Court limits insurer’s malpractice claim against defense lawyer
An insurer may not pursue a malpractice claim against appointed defense counsel based on the failure to assert defenses desired by the insurer, unless the insurer can show it was an intended beneficiary of the legal services, the Washington Supreme Court held in Stewart Title Guar. Co. v. Sterling Savings Bank, et al.,178 Wn.2d 561 (2013).
Sterling Savings Bank loaned a borrower money to purchase development property. As a condition for the loan, Sterling required a first priority security interest in the property. Sterling’s title insurer, Stewart Title Guaranty Company, failed to discover that Mountain West Construction had begun construction on the property and held a statutory lien superior to the bank’s security interest. A payment dispute ultimately arose and Mountain West initiated foreclosure proceedings. In response, Stewart Title hired the Witherspoon Kelley law firm to defend Sterling in the foreclosure action.
Witherspoon did not raise an equitable subrogation defense in the foreclosure action, stipulating that Mountain West had first priority in an effort to obtain a swift settlement with the builder. Stewart Title fired Witherspoon over disagreements regarding the viability of an equitable subrogation defense. Stewart Title hired new counsel who argued differently than Witherspoon, but the trial court held that Sterling was bound by the stipulation, and refused to consider the newly asserted equitable subrogation claim.
Stewart Title then sued Witherspoon for legal malpractice based on the firm’s failure to raise equitable subrogation as a defense for Sterling. Witherspoon argued that: (1) its client was Sterling, not Stewart Title, and that its failure to raise defenses specified by Stewart Title would not serve as the basis for a legal malpractice lawsuit; and (2) an equitable subrogation defense would have failed under the facts of the case.
The trial court concluded that Stewart Title was an intended beneficiary of the representation based in part on finding a contractual duty to inform Stewart Title regarding the representation and in part on the alignment of interests between Witherspoon and Stewart Title. However, the trial court granted summary judgment because it concluded an equitable subrogation defense would not have succeeded under the circumstances. Stewart Title appealed and the Supreme Court accepted review of both the duty issue and the equitable subrogation issue.

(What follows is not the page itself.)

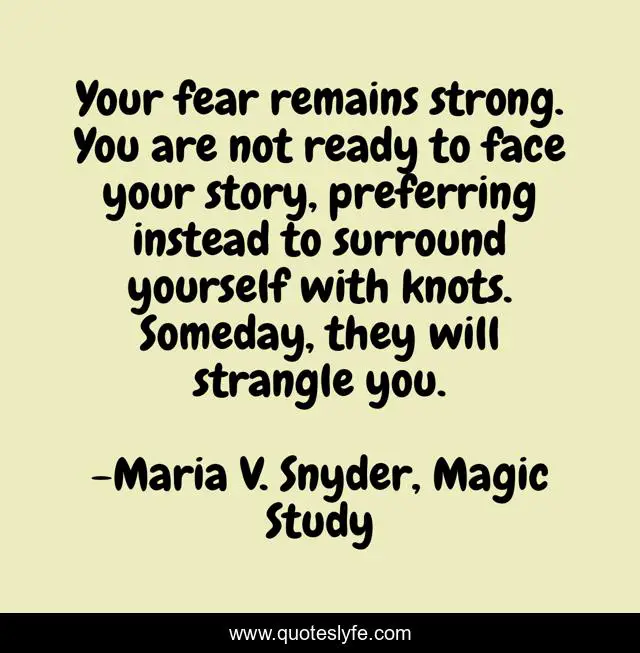This page presents the quote "Your fear remains strong. You are not ready to face your story, preferring instead to surround yourself with knots. Someday, they will strangle you.". Author of this quote is Maria V. Snyder, Magic Study. .

Relying on the six factors described in Trask v. Butler, 123 Wn.2d 835 (1994), to evaluate the parties’ relationship, the Washington Supreme Court held that Witherspoon’s only client was Sterling, and that Stewart Title was a non-client, third-party payor. The Court emphasized that the “primary inquiry” in determining the existence of a duty of care “is whether the plaintiff is an intended beneficiary of the transaction to which the advice pertained,” and that “no further inquiry need be made unless such an intent exists.”
The Supreme Court disagreed with the trial court’s conclusion that Stewart Title was an intended beneficiary of Witherspoon’s representation of Sterling because: (1) finding a duty based merely on “aligning interests” would undermine the Trask holding and potentially create an ethical dilemma for appointed counsel. It rejected Stewart Title’s argument that a nonclient insurer is presumed to be an intended beneficiary unless there is an actual conflict of interest between an insurer and its insured.
The Court found the simple fact that some aligning interests existed between Stewart Title and its policyholder did not show that either Witherspoon or Sterling Bank intended Stewart Title to have the benefit of Witherspoon’s representation. It concluded this was demonstrated by Witherspoon’s strategy of seeking a speedy, yet just, settlement in contrast with Stewart Title’s desire to assert an equitable subrogation defense. The Court further held that a contrary conclusion could cause legal counsel to violate the ethical requirements of Rule of Professional Conduct 5.4(c).
The Supreme Court concluded that Witherspoon’s contractual duty to inform Stewart Title about its conduct of Sterling’s defense was insufficient to establish a duty of care, because: (1) attorneys who accept a duty to inform a nonclient third-party payor about legal matters, do not presumptively intend to benefit that third party; and (2) attorneys cannot contract away, or have their professional legal judgment be directed or regulated by a third-party payor of these services.